Ta langue est trop longue il me tendit une bouteille de champagne Prends-la à ces étalons, offre la maison. Et parlez-leur de nos services supplémentaires. dit-il en me tapotant les fesses.
Hé, je ne suis pas serveuse ! "
"Allez allez! Ça va! Il m'a chassé.
J'ai reniflé et j'ai accepté. Esclavagiste , je m'en allai en marmonnant. En cours de route, j'ai essayé d'acheter mes mauvaises humeurs en assumant mon plus beau sourire.
Bonsoir... J'espère que le dîner vous plaira. Je m'approchai de la table avec aisance. J'ai remarqué à ce moment une couronne de laurier près du plus mignon. Il doit avoir obtenu son diplôme ce jour-là.
Tous les cinq se turent en me regardant.
Vraiment tout délicieux, merci. L'un d'eux m'a dit. Je l'ai regardé et j'ai souri; il avait des cheveux coupés en brosse ennuyeux et une moustache sur les lèvres.
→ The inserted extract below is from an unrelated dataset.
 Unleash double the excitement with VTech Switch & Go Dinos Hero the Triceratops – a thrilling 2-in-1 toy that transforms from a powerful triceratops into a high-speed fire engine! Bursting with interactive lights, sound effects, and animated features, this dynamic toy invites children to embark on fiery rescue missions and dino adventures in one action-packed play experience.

Je mets le champagne sur la table.
"En fait, nous..."
Propose la maison. "J'ai arrêté le plus mignon avant qu'il ne continue à parler." Avez-vous obtenu votre diplôme ? "
"Oui..." répondit-il un peu gêné et gêné.
"Mes compliments. "
C'était étrange que quelqu'un comme lui soit timide. Il ressemblait à l'un des employés syriens. Grand, avec de longs cheveux blonds légèrement ondulés et des yeux sombres et perçants.
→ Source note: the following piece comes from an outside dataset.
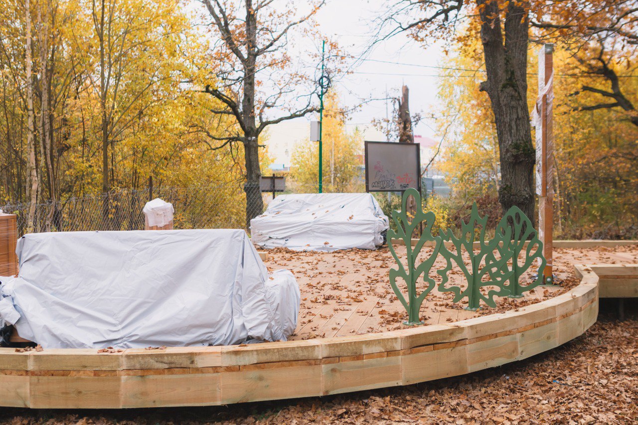 К зоне относятся бережно: тропа на сваях и выполнена из долговечной лиственницы. Все игровые элементы и фигурки, скамейки, качели, "отель" для насекомых, кормушки выдержаны в натуральной эстетике. Следить за порядком будут через систему видеонаблюдения с подключением на пост Единой дежурно-диспетчерской службы.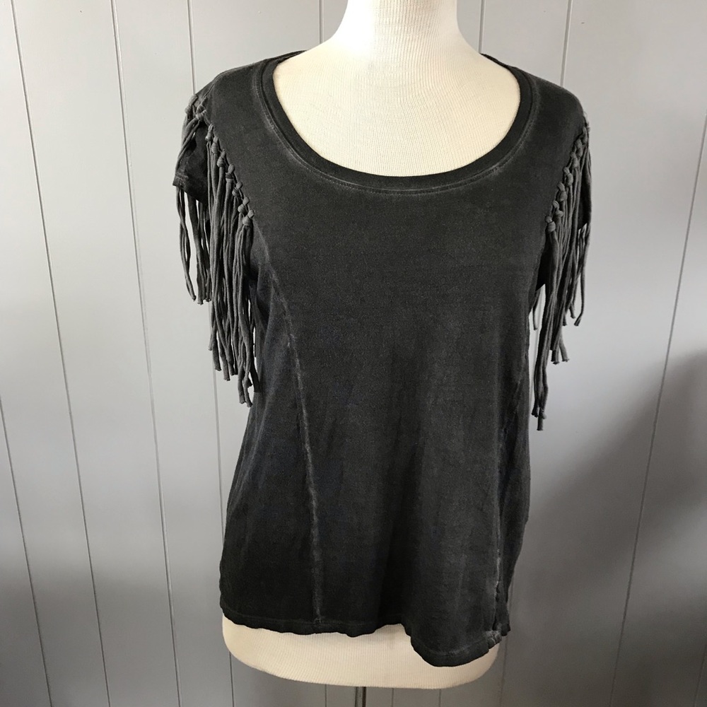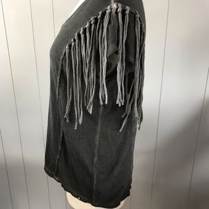 Cute distressed dark gray tee shirt with fringe detail. Size XS

Il m'a remercié. Je devais leur offrir nos services exclusifs.
"Quoi qu'il en soit les gars. Si vous voulez vraiment faire la fête, nous vous proposons un service d'animation très spécial. Convient à tous les besoins les plus inavouables "Je parlais d'un ton bas et chaleureux, celui que j'utilisais pour persuader un homme de faire tout ce que j'ordonnais et me penchais sur la table, je leur laissais l'occasion d'observer mon décolleté également. Je pouvais presque sentir leur excitation monter.
Demandez à la caissière si vous êtes intéressé. Je suis sûr que cela vous donnerait des réductions à couper le souffle .
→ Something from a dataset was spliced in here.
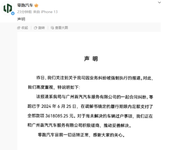零跑已于2024年6月25日,在调解书确定的履行期限内足额支付了全部款项3618085.25元。对于尚未解决的车辆过户事项,零跑正在和广州首汽汽车服务有限公司积极磋商,推动妥善解决。零跑汽车表示,目前一切运转正常。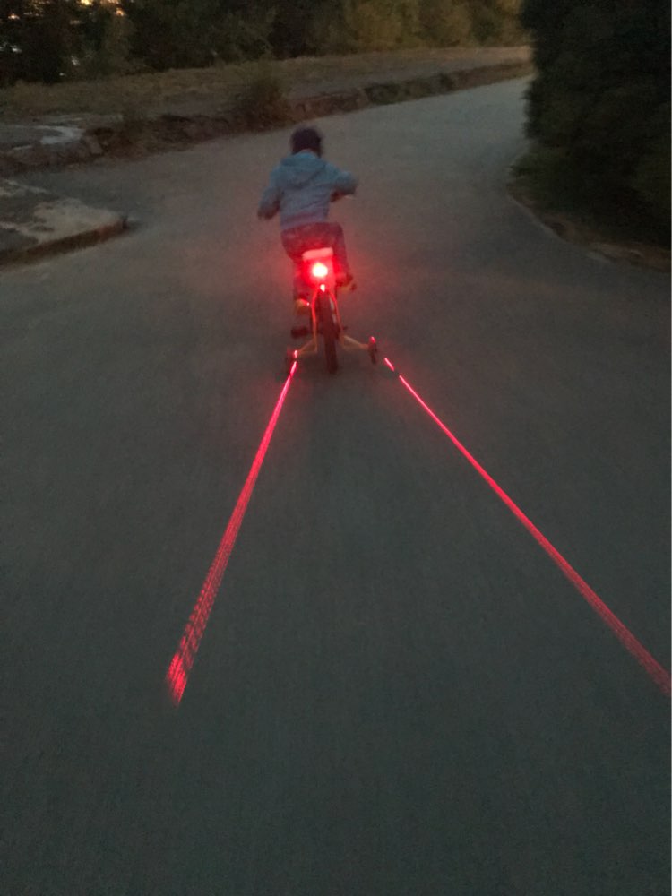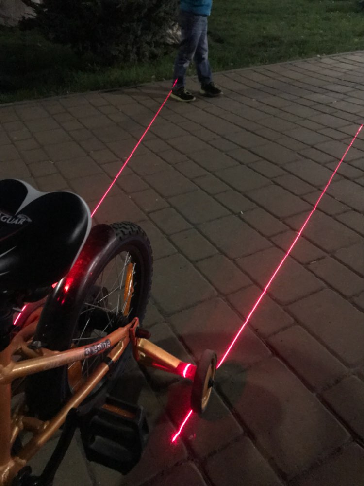lamp cool! to light the mount слабовато little, set which seatpost but keeps like normal. afraid of when ordering, laser that will not work, but all is excellent. children bicycle to put) pleased son, pay attention to children all night outdoor strip laser))) good goods recommend store

Ils restèrent silencieux pendant quelques instants, ne sachant pas quoi dire. Puis l'un d'eux sembla avoir le courage de demander quelque chose de plus. Et toi... Ici... Serais-tu inclus dans ce service ? "
Je l'ai regardé intensément. Je n'étais pas une pute, j'étais une dominatrice. Je n'ai pas baisé, j'ai puni. Et ils ne ressemblaient pas à des esclaves. "Pas moi. Mais je suis sûr que vous trouverez d'excellentes propositions .
Quand j'ai tourné la tête vers la table voisine, j'ai remarqué toute la famille Picassi dans leur parfait petit théâtre. Fabio a osé me regarder dans les yeux un seul instant. Eh bien, je l'aurais puni encore plus fort cette nuit-là.
Je suis revenu de Syrie. "Je l'ai fait," dis-je d'un ton grincheux. Six ans de service de domination honorable et puis elle me fait serveuse. "Même si je dois dire que dès qu'ils verront les prix, ils seront scandalisés."
Oh, en parlant d'argent. Fabio m'a fait une demande. En plus de l'habituel, il aimerait que vous vous donniez à lui. "
J'ai souris. J'aurais éclaté de rire si nous n'avions pas été dans le restaurant le plus élégant de la ville. Syrie, tu sais que je n'ai pas de relations sexuelles avec des esclaves. Je leur fais croire qu'un jour cela pourrait arriver. "
"Eh bien ma chérie, cette fois essaie de rendre l'illusion plus réelle. Il a beaucoup payé , me murmura-t-il à l'oreille.
Combien combien ? Des extras ont été ajoutés à mon salaire, alors je suis devenu plus intéressé.
"Dix mille euros, chérie. Pensez-y".
Doublez ce qu'ils ont payé pour chaque session de base. Et j'aurais eu deux mille cinq cents euros de plus sur mon salaire ce mois-ci.
Je suis parti en promettant à la Syrie que j'y réfléchirais. Où Fabio avait trouvé tout cet argent était un mystère, puisque chaque mois il payait déjà vingt-deux mille euros à mon patron. Mais ce n'était pas mon problème.